How bad can the stress of money get?

Aside from low esteem, lack of self worth, depression, PTSD and suffering from workplace bullying, another key factor which led my friend Del to die by suicide in 2013 was the stress of the financial future.  Worried that his illness could cost him his job, he could see no way forwards, no way to protect and provide for his family, and no outlook which seemed possible.  Tragically, I only knew of this after he died.

Who is there to help?

Had Del sought professional financial help instead of suffering quietly, allowing the stories of worry to spin out of control, without doubt we could have found a way to change his perspective, and work together to build a way forward.  Instead, he came up with his own financial plan, to protect his family’s financial future by choosing to die by suicide, relieving his own suffering and in his eyes, helping them.

Picking up the pieces, and working with Del’s wife Nel, we have been able to help, to give her purpose, and to bring a little sparkle back into her eyes at times, and that is the most worthwhile aspect of being a financial life planner.
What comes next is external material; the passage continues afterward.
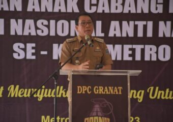 Wali Kota Metro Wahdi memberikan sambutan dan sekaligus melantik Pengurus Dewan Pimpinan Anak Cabang Gerakan Nasional Anti Narkotika (GRANAT) Kota Metro, masa periode 2023-2027. Acara berlangsung di Wisma Haji Al-Khairiyah Kota Metro telah melantik Ketua Harian Granat Metro, Naim Emel Prahana, Selasa (25/07/2023). Dalam hal ini Wali Kota Metro, mengatakan pelantikan Gerakan Nasional Anti Narkotika (GRANAT) merupakan salah satu wujud kepedulian terhadap upaya pemberantasan, penyalahgunaan dan peredaran narkoba di Kota Metro. “Pada kesempatan ini, kami atas nama Pemerintah Kota Metro, mengapresiasi kepada segenap masyarakat Kota Metro yang telah berpartisipasi dengan melakukan langkah-langkah positif, bersama dengan pemerintah dan aparat penegak hukum,” katanya. Menurutnya, dengan pelantikan ini kita telah memiliki suatu wadah resmi yang dapat dimanfaatkan oleh masyarakat untuk menyampaikan berbagai keluhan dan laporan dalam setiap permasalahan yang berkaitan dengan narkotika. “Dengan demikian acara ini diharapkan dapat memutus mata rantai peredaran narkoba di Kota Metro yang kita cintai ini,” ucapnya. Pada kesempatan yang sama, Sekretaris Granat (Gerakan Nasional Anti Narkotika) Provinsi Lampung Agus BN, memaparkan salah satu kegiatan pokok yaitu mensosialisasikan kepada masyarakat tentang bahaya penyalahgunaan dan peredaran gelap narkoba. Serta melakukan sweeping bersama dengan aparat yang berwajib di tempat-tempat yang disinyalir sebagai tempat transaksi narkotika. “Menyadari pentingnya upaya Preventif dan Edukatif (Mencegah lebih baik dari pada mengobati) dalam pemberantasan penyalahgunaan dan peredaran gelap narkoba. Maka itu kami harapkan Gerakan Nasional Anti Narkoba dan Badan Narkotika Nasional Kota Metro, dapat dijadikan sebagai barometer dan wadah Yuridis Formal untuk semakin meningkatkan kepedulian guna memberantas jaringan terselubung Narkoba di Kota Metro,” pungkasnya. (Gt/Sr)
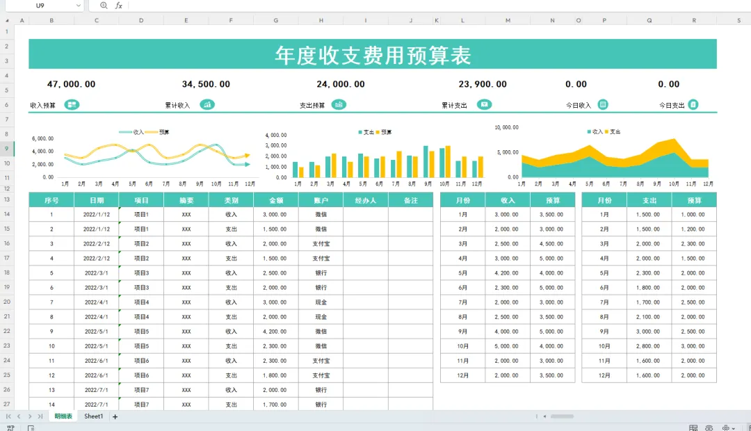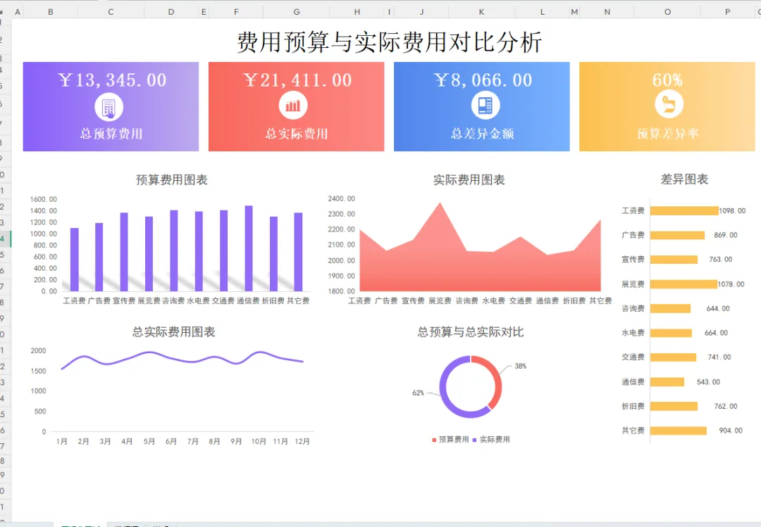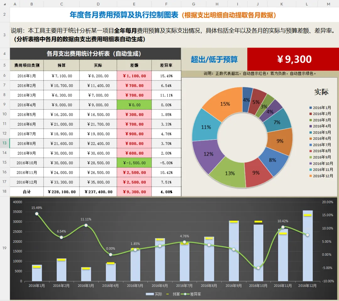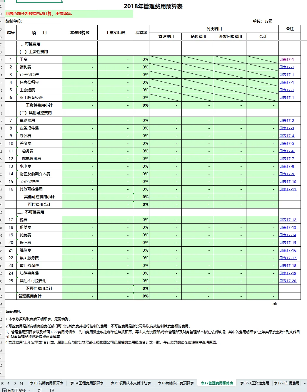 全自动Excel财务预算表格模板,带财务预算管理系统,财务可编辑修改套用!

Where-ever you are,  here are 6 stressful money situations highlighted by Business Insider which may seem difficult to avoid, yet are never the end of the road – there is always a way forwards …
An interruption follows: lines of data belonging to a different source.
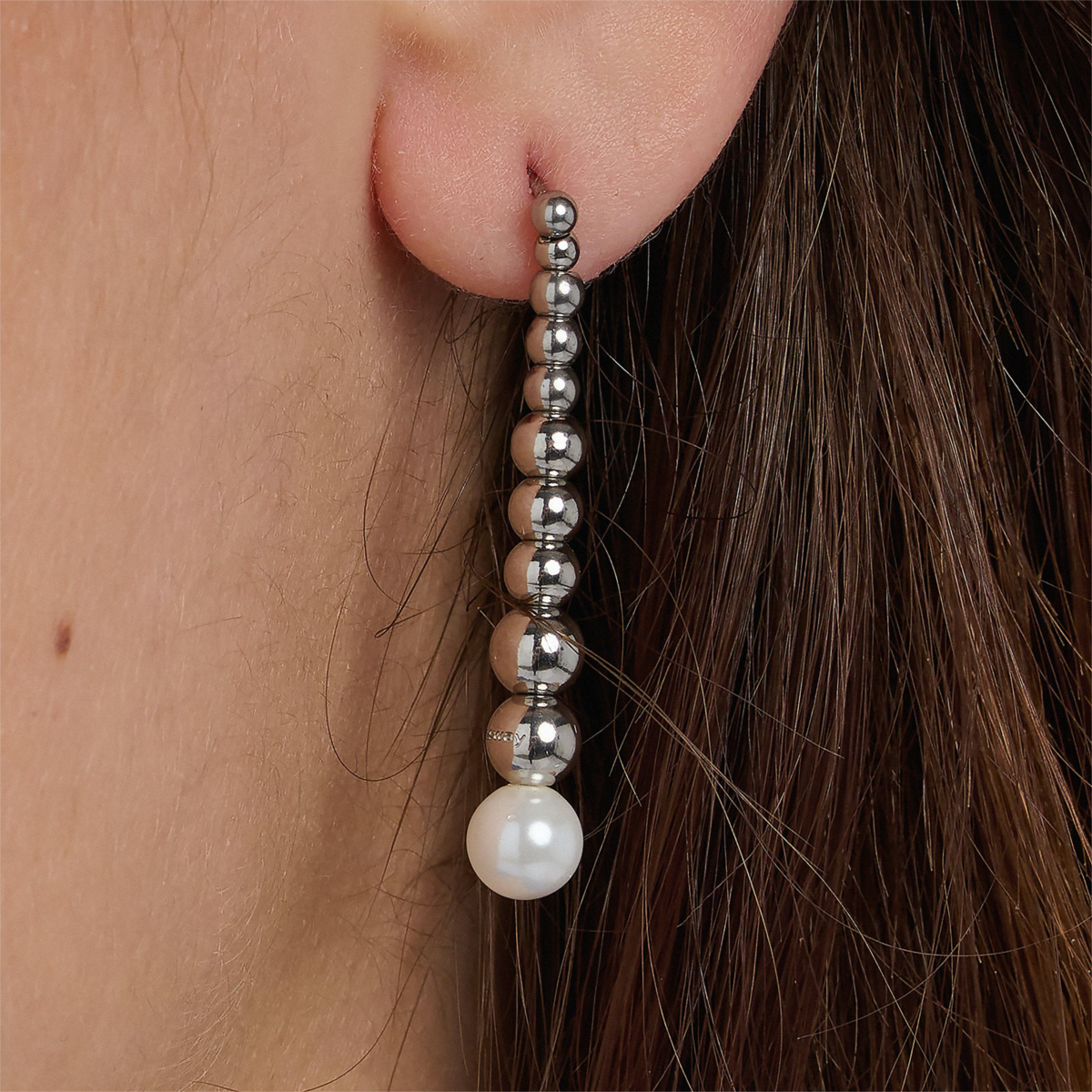 Orecchini donna brosway, BPC26, collezione perfect, in acciaio 316L e perla di conchiglia. Misura orecchini:35mm
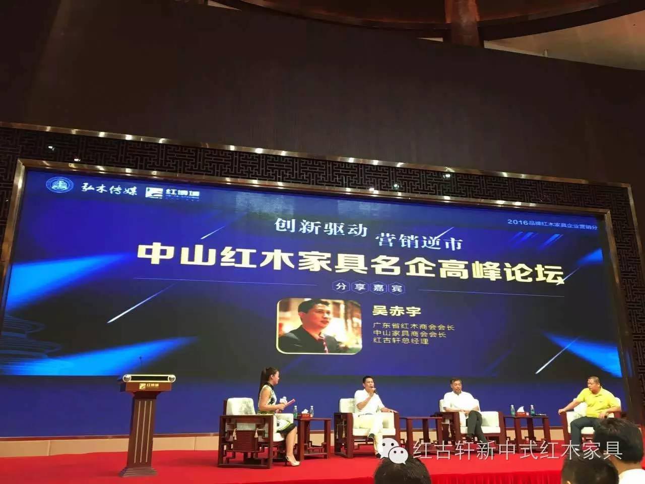 2016年6月15日下午,2016品牌紅木家具企業(yè)營銷分享會(huì),暨中山紅木家具名企高峰論壇,在中山市紅木文化博覽城隆重舉行。大會(huì)由弘木傳媒攜手全聯(lián)藝術(shù)紅木家具專委會(huì)舉辦,得到了中山市大涌鎮(zhèn)人民政府的大力支持。
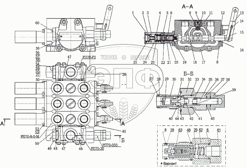 Каталог запасных частей к технике: МТЗ-900/920/950/952. Гидрораспределитель РП70

How to deal with a financial emergency 

If you do not have capital saved, make sure you have an emergency credit card to fall back on.  This is a temporary solution, but will give you enough time to seek proper advice, and make a plan to move forwards.

Worrying about buying a home

Here is a stress-pit of worry.  How much should you borrow? Should you borrow as much as possible? Should you use all your savings? What protection should you have?

The questions are endless, yet can be answered if some proper planning and modelling is carried out.

 

How much should I save for retirement?

No two people are the same, there is no magic number which fits everyone.

Only when you know what you would value in retirement, can you start to figure out what you may need money-wise.

This is the importance of financial life planning – an approach which puts your life at the centre of the plan, not the monetary values.  You may be surprised, the qualities in life which you want may not required huge sums of money at all.

 

When should I retire?

Just like above, no two people are the same.

If you have a range of plans and ideas which need you to be fit and healthy, maybe you need to retire sooner.  If you love what you do, but can start to find a great balance between that and leisure, then there may be no reason to rush into it.

Either way, discussing a planning it is essential.

 

How much money should I give my children?

It’s hard to say no, and at the same time, many of us would rather see our children not have to struggle.

Making it too easy may not be a good thing, but saving it all up until you die – that too has it’s own perils.

Whatever you do, by adopting a balanced plan, and sensible approach, you could be able to help your children along, and at the same time, helping them value what they are given.

Above all, don’t deprive yourself of the fun you deserve later in life (but also, don’t aim to be the richest person in the cemetery).

 

How can I help my parents with their finances?

One of the trickiest conversations of all is talking about your parent’s money.

Naturally cagey, they may not want to volunteer the information (and is is hard to not look as if you are interested in an inheritance, particularly if they are unwell). Bring siblings into the conversation, and start the discussions well ahead of time to figure out what sources may be available for long term care funding, and of course, what wishes they have.  In the same way that you want to enjoy your life, they should be focussing on their days being as comfortable as possible, not scrimping and saving and trying to get one over on the local authority by not paying for care (saving the fees, but ending up in a grotty care home).

What to do next?

By proper planning, and discussing these issues with a professional, there is a chance that many of the most stressful money situations can either be avoided, or at least eased.

Please, please do not let them spin out of control stories in your head.  Ask for help, get a reality check, and let someone guide you onwards.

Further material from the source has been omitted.